Hematology Oncology Department Sylvester Comprehensive Cancer Center, University of Miami Miami, Florida ; Department of Sarcoma Medical Oncology MD Anderson Cancer Center, University of Texas Houston, Texas.
Cancer Med. 2013 Aug;2(4):553-63. doi: 10.1002/cam4.92. Epub 2013 Jul 15.

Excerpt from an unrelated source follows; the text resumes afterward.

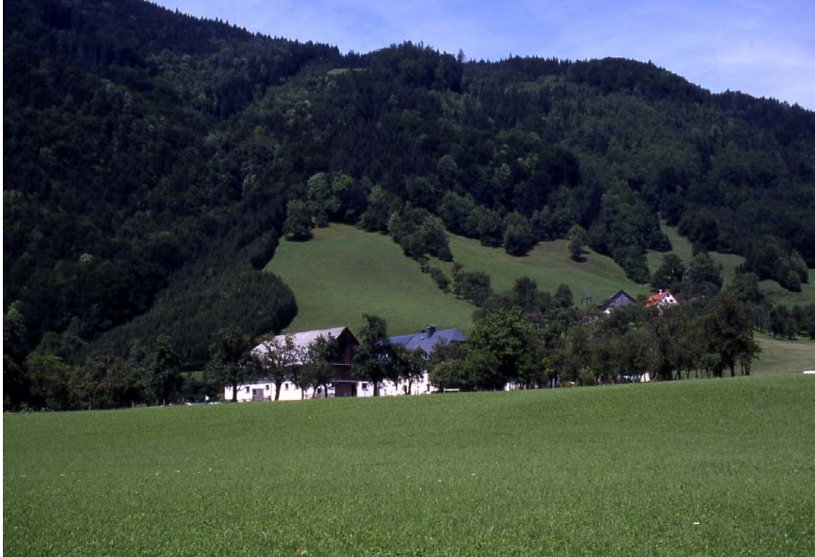
Foto 11: Anger – im Vordergrund Hof mit Obstbaumwiese und intensiv, bewirtschaftete Fläche – im Hintergrund reichstrukturierter Südhang mit Hecken, Feldgehölzen und extensiven Wiesen- und Weideflächen

Adult rhabdomyosarcoma (RMS) is a rare tumor that has inferior outcome compared to younger patient population. The present work aims to study the age-related differences in management of adolescents and adults with RMS. Under an institutional review board-approved protocol, we retrospectively analyzed 239 patients, 10 years of age and greater, diagnosed with RMS at MD Anderson Cancer Center from 1957 through 2003. Of the 239 patients, 163 patients were nonmetastatic with a median overall survival (OS) of 3.8 years (95% CI 2.8-7.6). In the multivariate analysis, age >50 was significantly associated with shorter OS and recurrence-free survival (RFS) for primary patients. Metastases were present in 76 patients, the median OS was 1.4 years. Approximately 13% of metastatic patients <50 years old had a long-term survival exceeding 15 years. Multimodality therapy, including surgery, radiotherapy, and chemotherapy was significantly associated with longer OS in primary and metastatic patients. Use of bi- and triple modality treatment decreased in metastatic patients over 50 years of age compared to younger patients. RMS in adolescents and adults has a poor outcome compared with younger individuals. Increased use of multidisciplinary therapy may improve older patient clinical outcome.
成人横纹肌肉瘤(RMS)是一种罕见的肿瘤,与年轻患者群体相比,其预后较差。本研究旨在研究青少年和成人 RMS 管理中的年龄相关差异。根据机构审查委员会批准的方案,我们回顾性分析了 1957 年至 2003 年期间在 MD 安德森癌症中心诊断为 RMS 的 239 名年龄在 10 岁及以上的患者。在 239 名患者中,163 名患者为非转移性,中位总生存期(OS)为 3.8 年(95%CI 2.8-7.6)。在多变量分析中,年龄>50 岁与原发性患者的 OS 和无复发生存率(RFS)较短显著相关。76 名患者存在转移,中位 OS 为 1.4 年。<50 岁的转移性患者中,约有 13%的患者长期生存超过 15 年。包括手术、放疗和化疗在内的多模式治疗与原发性和转移性患者的 OS 延长显著相关。与年轻患者相比,50 岁以上的转移性患者中使用双模式和三模式治疗的比例下降。青少年和成人的 RMS 与年轻患者相比预后较差。增加多学科治疗的应用可能会改善老年患者的临床结局。